Sunday, November 15, 2009

Our Living Sacrifice

We have received great mercy and forgiveness of sins from our God. When He baptized us in His Spirit we received His nature in us. Yet often we find a war inside ourselves, a struggle between the old nature and our new identity in Christ (Rm 7:23). There is a force at work in us that is contrary to God’s ways, and it keeps us from obedience. We see the answer to this dilemma when Paul says to “offer (our) bodies as living sacrifices, holy and pleasing to God . . . “ (Rm 12:1) This will change the way we think, leaving our fleshly ways behind and pressing forward into His thinking. Therefore, we understand the will of God in our lives, because we become spiritual (verse 2).

A person must offer himself in a way that is acceptable to God. God’s ways and calling do not readily come to our natural way of thinking at first because His thoughts are higher than ours. We might think to do an act of service, a good work to please Him. But God is asking for our obedience, and to obey God we must hear what He is saying to us.
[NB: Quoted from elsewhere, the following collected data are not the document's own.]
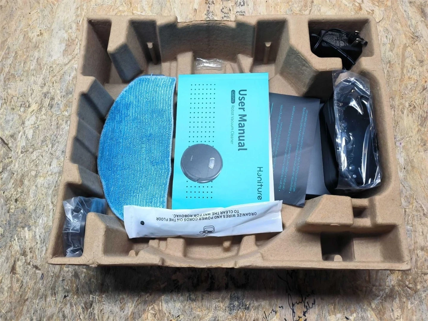 This is the Honiture G20 Pro Robot Vacuum Cleaner. It includes the robot, user manual, power adapter, and a mopping cloth. It's designed for cleaning your floors.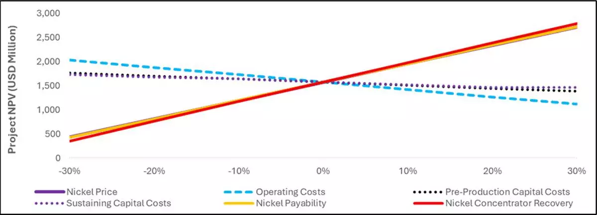Pre-production capital expenditures are estimated at $942 million, including 9.7% contingency, and covering underground mine development, concentrator construction, tailings storage facility and supporting infrastructure. The project demonstrates strong capital efficiency, with an initial capital intensity of approximately $18,800 per tonne per annum of nickel production – calculated by dividing pre-production capital expenditures by total life of mine contained nickel metal in intermediate product of 902,000 tonnes over 18 years.
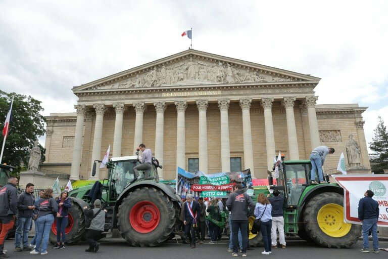 La FNSEA a garé une dizaine de tracteurs devant l'Assemblée nationale lundi afin de faire pression sur les députés qui doivent se pencher sur la loi Duplomb, "essentielle pour qu'enfin on retrouve notre capacité à produire en France", selon le secrétaire général du premier syndicat agricole français.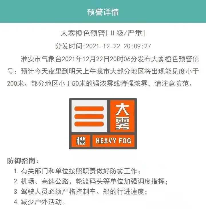 发布大雾橙色预警信号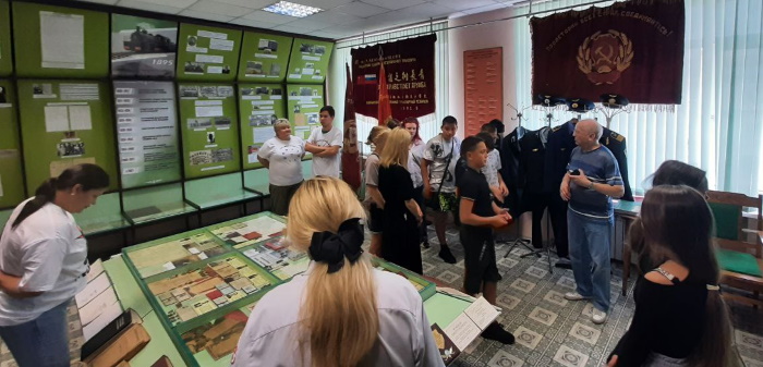 В рамках программы популяризации ФП «Профессионалитет» для школьников 7-9 классов пгт. Партизанск Приморского края, обучающихся на Дальневосточной детской железной дороге, структурном подразделении ДВЖД ОАО «РЖД» 9 августа в Хабаровском техникуме железнодорожного транспорта была организована экскурсия по историко-патриотической выставке ХТЖТ. Экскурсию провел руководитель музея истории ХТЖТ почетный железнодорожник Кравец Юрий Александрович.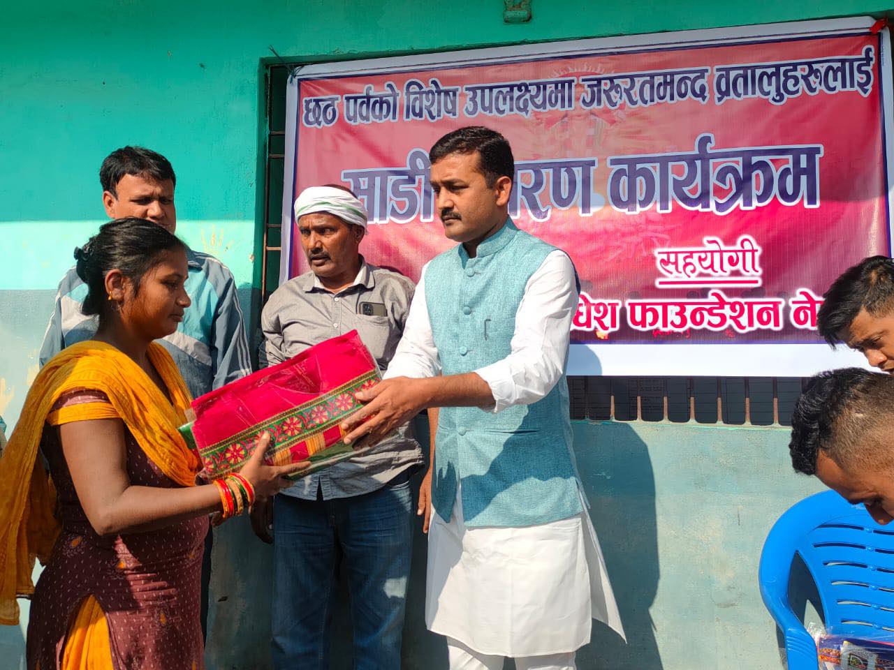 हिन्दु धर्म संस्कृतिमा छठपर्वका बेला ब्रतालुले सम्भव भए नयाँ चोखो पहिरण लगाएर ब्रत गर्नुपर्ने हो । सोही अभिलाशालाई पुर्ण गर्न हरेक वर्ष झै यसवर्षपनि मधेस फ़ाउन्डेशन नेपालको सहयोगमा आवश्यक्ता हेरेर दिन दुःखीलाई छठपुजाका लागी साडी तथा पिठो वितरण गरेको सांसद यादवले जानकारी दिए ।

God’s thoughts are imparted to us by His Holy Spirit (1 Cor 2:14). Without the Spirit, or we should say, in the natural way of our thinking, we do not understand God’s thoughts (1 Cor 3:1). This is because they are spiritual, as He is. If we have not discarded our fleshly ways and thinking, we do not understand what God is saying to us. The way God changes our thinking is through our living sacrifice, for this causes a “renewing of (our) mind.” If we will be a people who daily sacrifice our own ways for His ways then we will hear His thoughts and know how to please Him with our lives. It comes down to our surrender and willingness to obey what we hear God say to us. There is no other way to be “spiritual” (1 Cor 3:1) except to shed our former fleshly acts and thoughts.